Kejadian ini terjadi sekitar pukul 18.45 WIB, Kamis (20/3/2014). Sinta yang lebih dulu tercebut ke dalam hendak ditolong Adon. Malangnya, Adon justru ikut terseret.
"Korban Sinta tercebur terlebih dahulu. Kemudian korban Adon mencoba menolong. Dia langsung turun ke sumur, tapi ngga kuat. Dua-duanya meninggal," kata Ketua RT setempat, Harun Al-Rasid.
Sinta awalnya hendak ke WC yang berada tepat di samping sumur sedalam 15 meter itu. Sumur tersebut tidak memiliki pembatas.
"Sumur itu sudah nggak berfungsi, cuma ditutup pakai asbes aja. Sinta terpeleset, terus kecebur. Adon nolong, tapi ikut nyebur," lanjutnya.

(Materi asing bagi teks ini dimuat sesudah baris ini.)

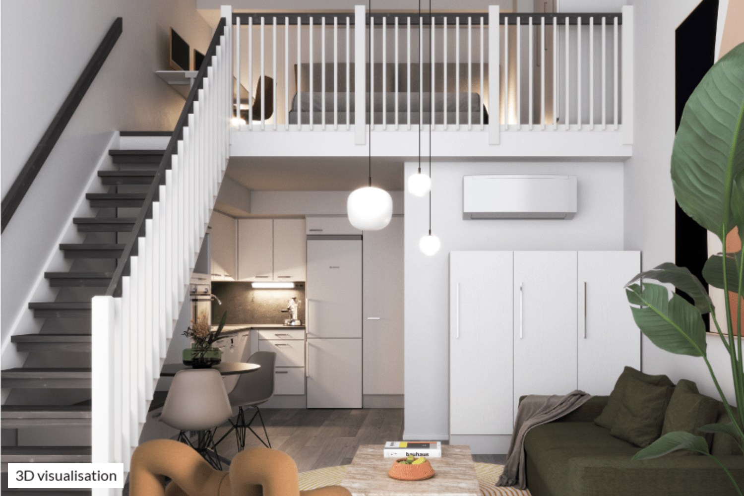 This airy little home offers northeast-facing views of Raudikkokuja street. This light-filled loft-style studio works as a home as well as a business space. The living room ceiling height is more than four metres. The functional kitchen is slightly separate from the living area. There is a loft with 1.8 metres of headroom in most parts above the kitchen that can be used for storage or perhaps as a sleeping area. The space under the loft stairs features a cosy bench also providing storage space. In the summer, the downstairs lounging area can be extended to your private garden space. How about breakfast on your patio, listening to the birds and the sounds from the courtyard?
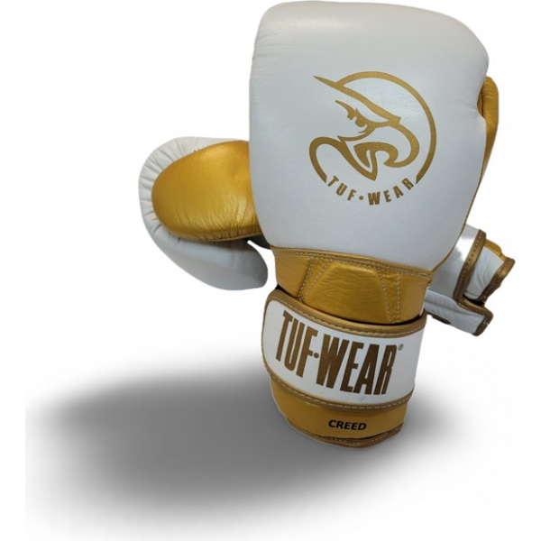 Echte Rocky Balboa Fans kennen TUF WEAR – die Marke, die echte Champions ausstattet, im Film und in der Realität. Wer sich für ein anspruchsvolles Training ausstatten möchte, wählt diese hochwertigen TUF WEAR CREED Leder Boxhandschuhe. Sie wurden aus langlebigem Premium-Rindsleder gefertigt, das besonders robust und unempfindlich ist. Eine mehrschichtige Polsterung aus hochdichtem Schaumstoff absorbiert auch die kräftigsten Schläge. Ein doppelter Klettverschluss sorgt für sicheren Halt am Handgelenk, während die extra lange Manschette ein eng anliegendes und bequemes Tragegefühl ermöglicht. Das zweifarbige Design mit goldfarbenen Details gibt den TUF WEAR CREED Leder Boxhandschuhen eine edles Finish. Wie gemacht für echte Sieger!TUF WEAR CREED Leder Boxhandschuhe ideal für
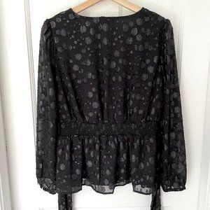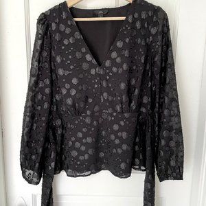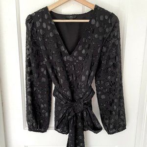 Holiday part? Date night? Drinks with the girls? Check off all the boxes with this chic chiffon blouse designed in a tonal pattern and cut with an always-flattering deep V-neck and a bow that can either be tied at the front or back—you decide!

Warga yang tahu kejadian ini langsung bergerombol datang. Namun tidak ada warga yang berani turun karena khawatir malah menambah korban jiwa.
Hingga pukul 00.45 WIB, Petugas gabungan dari Tagana Kabupaten Bogor, TNI dan Kepolisian belum juga berhasil mengevakuasi Adon. Sedangkan Sinta sudah berhasil diangkat lebih dulu pukul 22.15 WIB. Sinta merupakan istri dari salah seorang pekerja pabrik pengolahan singkong.
Kapolsek Sukaraja, Kompol Hida Tj, mengakui sulitnya untuk mengevakuasi Adon. Pasalnya, diameter sumur terlampau kecil, sekitar 80 cm dengan kedalaman 15 meter.
"Sehingga badan korban sulit terangkat. Kebetulan tubuh korban lumayan tinggi dan tanpa pakaian. Sehingga petugas yang mencoba mengaitkan tali ke badannya jadi agak susah, karena licin," tutur Hida.
Selain itu, tingginya kadar CO2 yang ada di dalam sumur membuat proses evakuasi terhambat. Belum lagi banyaknya sampah karung dan limbah pengolahan singkong yang berada di dalam sumur.
Sekitar pukul 23.35 WIB, sebenarnya petugas sudah berhasil mengaitkan tali ke badan Adon dan berusaha mengangkatnya dari dasar sumur. Namun, baru setengah perjalanan menuju bibir sumur, tubuh Adon terlepas dari ikatan.